• **EXERCISE DETAILS**
Output only the lines below from the one holding "Трикотажный топ без" down to the one holding "我们舞队的老导演,还受到当地电台的采访。", both end lines included and every picture dropped.

• **PROVIDED DATA**

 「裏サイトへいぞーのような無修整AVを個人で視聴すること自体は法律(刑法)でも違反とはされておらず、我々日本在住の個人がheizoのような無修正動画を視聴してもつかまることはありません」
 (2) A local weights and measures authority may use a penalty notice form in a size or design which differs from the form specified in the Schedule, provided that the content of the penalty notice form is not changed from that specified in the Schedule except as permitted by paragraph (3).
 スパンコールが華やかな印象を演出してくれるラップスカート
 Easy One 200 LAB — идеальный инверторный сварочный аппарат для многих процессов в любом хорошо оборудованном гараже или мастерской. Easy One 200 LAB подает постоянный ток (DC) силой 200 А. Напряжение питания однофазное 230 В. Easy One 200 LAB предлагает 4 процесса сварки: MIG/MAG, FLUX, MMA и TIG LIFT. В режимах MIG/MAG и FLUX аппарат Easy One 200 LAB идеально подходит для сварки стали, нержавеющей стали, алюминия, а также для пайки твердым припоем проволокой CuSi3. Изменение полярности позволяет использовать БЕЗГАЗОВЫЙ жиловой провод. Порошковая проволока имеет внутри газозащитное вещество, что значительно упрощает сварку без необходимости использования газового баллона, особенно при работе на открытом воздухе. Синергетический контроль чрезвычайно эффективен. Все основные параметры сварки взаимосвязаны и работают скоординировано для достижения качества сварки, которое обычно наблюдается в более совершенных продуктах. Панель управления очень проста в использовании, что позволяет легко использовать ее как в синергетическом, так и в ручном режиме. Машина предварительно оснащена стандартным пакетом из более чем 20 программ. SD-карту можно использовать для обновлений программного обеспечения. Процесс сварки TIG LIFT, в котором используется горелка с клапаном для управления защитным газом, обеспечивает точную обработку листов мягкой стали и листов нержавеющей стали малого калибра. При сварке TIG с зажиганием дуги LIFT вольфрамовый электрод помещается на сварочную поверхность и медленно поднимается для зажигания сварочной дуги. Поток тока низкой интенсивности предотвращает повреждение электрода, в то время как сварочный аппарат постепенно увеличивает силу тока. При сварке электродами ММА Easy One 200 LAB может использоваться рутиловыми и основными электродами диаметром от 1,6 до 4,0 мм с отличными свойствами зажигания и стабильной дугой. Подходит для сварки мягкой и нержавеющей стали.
* * *
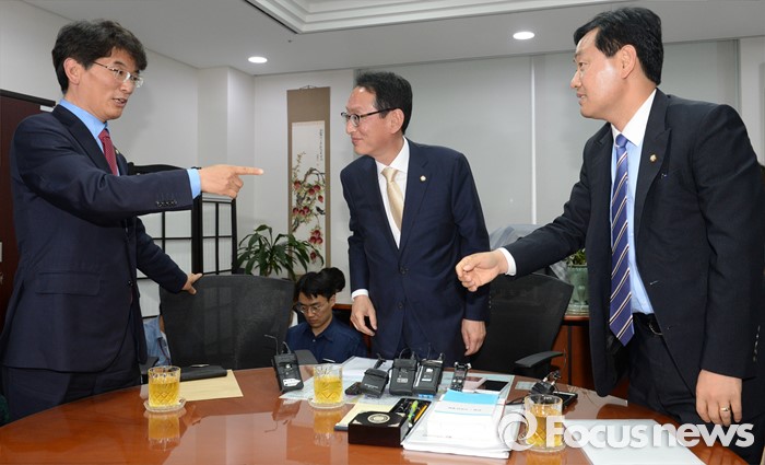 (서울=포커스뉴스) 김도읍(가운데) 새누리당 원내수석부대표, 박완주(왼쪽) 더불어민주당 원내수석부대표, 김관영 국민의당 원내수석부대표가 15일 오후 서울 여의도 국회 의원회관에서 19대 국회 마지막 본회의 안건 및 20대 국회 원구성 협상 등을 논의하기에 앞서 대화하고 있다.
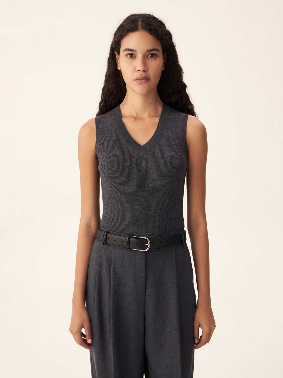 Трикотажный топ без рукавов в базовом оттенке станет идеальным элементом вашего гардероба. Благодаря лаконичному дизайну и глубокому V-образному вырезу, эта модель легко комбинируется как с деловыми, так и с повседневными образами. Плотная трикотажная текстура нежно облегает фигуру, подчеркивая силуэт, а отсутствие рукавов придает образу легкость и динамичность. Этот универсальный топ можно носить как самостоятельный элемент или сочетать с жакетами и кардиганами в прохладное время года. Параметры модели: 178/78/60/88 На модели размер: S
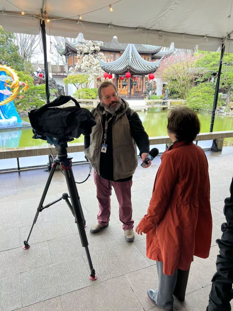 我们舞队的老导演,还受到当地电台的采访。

• **YOUR RESPONSE**
 Трикотажный топ без рукавов в базовом оттенке станет идеальным элементом вашего гардероба. Благодаря лаконичному дизайну и глубокому V-образному вырезу, эта модель легко комбинируется как с деловыми, так и с повседневными образами. Плотная трикотажная текстура нежно облегает фигуру, подчеркивая силуэт, а отсутствие рукавов придает образу легкость и динамичность. Этот универсальный топ можно носить как самостоятельный элемент или сочетать с жакетами и кардиганами в прохладное время года. Параметры модели: 178/78/60/88 На модели размер: S
 我们舞队的老导演,还受到当地电台的采访。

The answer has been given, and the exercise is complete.